Construction and Characterization of the MTBVAC.HIVA2auxo Vaccine Strain

The plasmid p2auxo.HIVA (Figure 2A) was transformed into the MTBVACΔlys host strain to generate the recombinant MTBVAC.HIVA2auxo. The selection of positive recombinant MTBVAC.HIVA2auxo colonies was performed by culturing the MTBVACΔlys transformants on Middlebrook agar 7H10 medium without lysine supplementation. The MTBVAC.HIVA2auxo strain harboring the lysine-complementing gene abolished the requirement for exogenous lysine, and colonies were observed in non-lysine-supplemented agar plates (Figure 2B).

Figure 2

Construction of MTBVAC.HIVA2auxo

(A) The HIVA gene was fused to the region encoding the 19-kDa lipoprotein signal sequence of the episomal p2auxo.Ø E. coli-mycobacterial shuttle plasmid to obtain p2auxo.HIVA plasmid. The BALB/c mouse T cell and Mab-Pk epitopes used in this study are depicted. P α-Ag (M. tuberculosis α-antigen promoter), PHSP60 (heat shock protein 60 gene promoter), and glyA- and lysA-complementing genes are used as markers for selection and maintenance in E. coli M15ΔGly and MTBVACΔlys, respectively. (B) Phenotypic characterization of the lysine auxotrophy and plasmid complementation of MTBVACΔlys and MTBVAC.HIVA2auxo (MTBVACΔlys plated on lysine-supplemented 7H10, left; MTBVACΔlys plated on non-lysine-supplemented 7H10, center; and MTBVAC.HIVA2auxo plated on non-lysine-supplemented 7H10, right). (C) Western blot of MTBVACHIVA2auxo lysates. Lanes 1 and 2, MTBVAC.Ø2auxo clones 1 and 2; lanes 3 and 5, MTBVAC.HIVA2auxo; lane 6, BCG wild-type lysate (negative control). HIVA immunogen was detected using the anti-Pk monoclonal antibodies (mAbs) followed by horseradish peroxidase-protein A and enhanced chemiluminescence detection.

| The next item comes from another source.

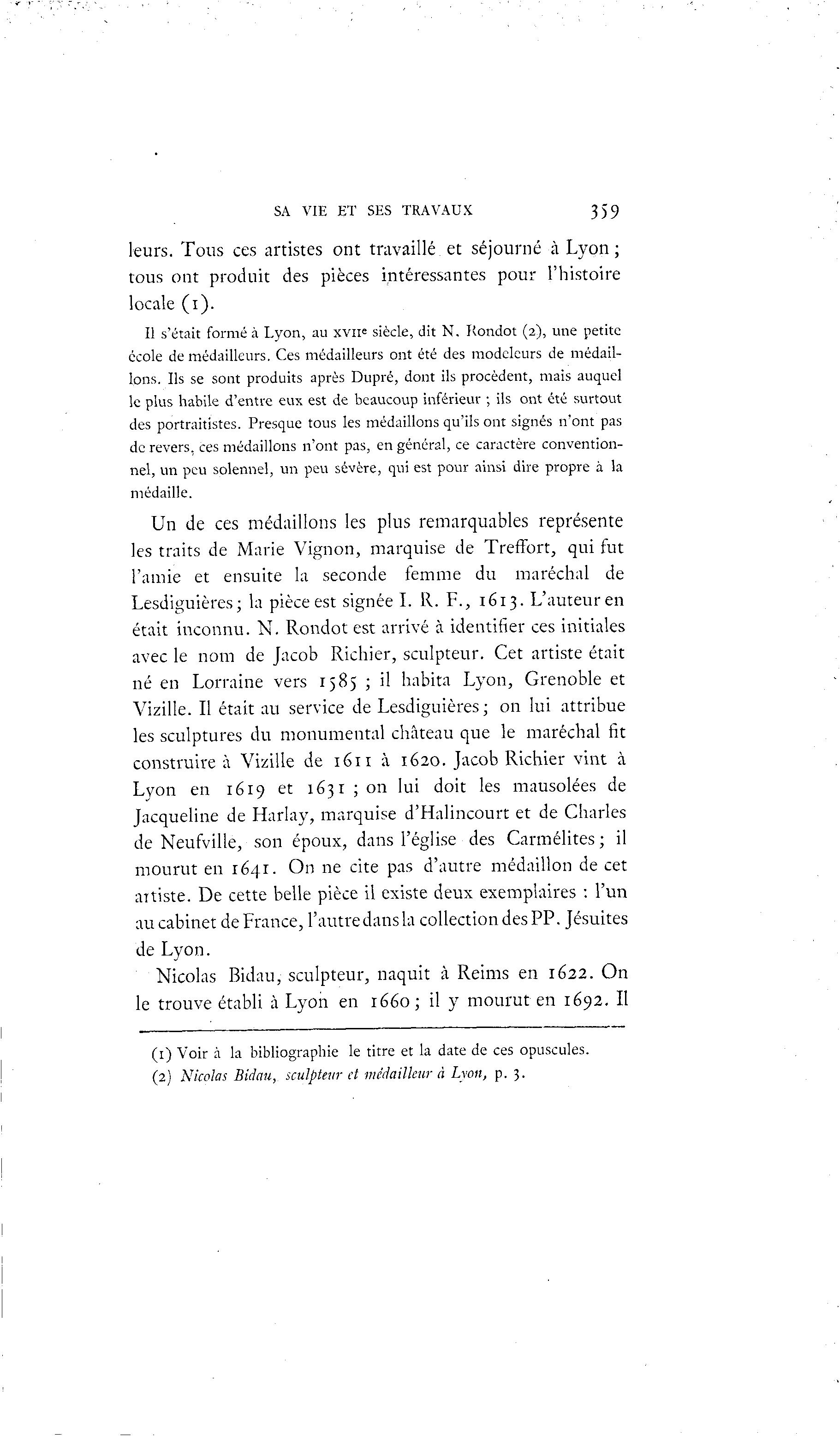 SA VIE ET SES TRAVAUX 359 leurs. Tous ces artistes ont travaillé et séjourné à Lyon ; tous ont produit des pièces intéressantes pour l'histoire locale (1). Il s'était formé à Lyon, au xvn= siècle, dit N . Rondot (2), une petite école de médailleurs. Ces médailleurs ont été des modeleurs de médail- lons. Ils se sont produits après Dupré, dont ils procèdent, mais auquel le plus habile d'entre eux est de beaucoup inférieur ; ils ont été surtout des portraitistes. Presque tous les médaillons qu'ils ont signés n'ont pas de revers, ces médaillons n'ont pas, en général, ce caractère convention- nel, un peu solennel, un peu sévère, qui est pour ainsi dire propre à la médaille. Un de ces médaillons les plus remarquables représente les traits de Marie Vignon, marquise de Treffort, qui fut l'amie et ensuite la seconde femme du maréchal de Lesdiguières ; la pièce est signée I. II. F., 1613. L'auteur en était inconnu. N . Rondot est arrivé à identifier ces initiales avec le nom de Jacob Richier, sculpteur. Cet artiste était né en Lorraine vers 1585 ; il habita Lyon, Grenoble et Vizille. Il était au service de Lesdiguières; on lui attribue les sculptures du monumental château que le maréchal fit construire à Vizille de 1611 à 1620. Jacob Richier vint à Lyon en 1619 et 1631 ; on lui doit les mausolées de Jacqueline de Harlay, marquise d'Halincourt et de Charles de Neufville, son époux, dans l'église des Carmélites ; il mourut en 1641. On ne cite pas d'autre médaillon de cet artiste. De cette belle pièce il existe deux exemplaires : l'un au cabinet de France, l'autre dans la collection des PP. Jésuites de Lyon. Nicolas Bidau, sculpteur, naquit à Reims en 1622. On le trouve établi à Lyon en 1660; il y mourut en 1692. Il (1) Voir à la bibliographie le titre et la date de ces opuscules. (2) Nicolas Bidau, sculpteur et médaillear à Lyon, p. 3.

The expression of the full-size chimeric 19-kDa signal sequence-HIVA protein (total weight, 64 kDa) was confirmed by western blot analysis of the MTBVAC.HIVA2auxo cell lysates (Figure 2C). No HIVA protein expression was detected in recombinant MTBVAC strains harboring the p2auxo plasmid without heterologous insert (MTBVAC.∅2auxo, negative control).

This proper molecular characterization led us to prepare a master seed stock and derivative working vaccine stock for downstream experiments.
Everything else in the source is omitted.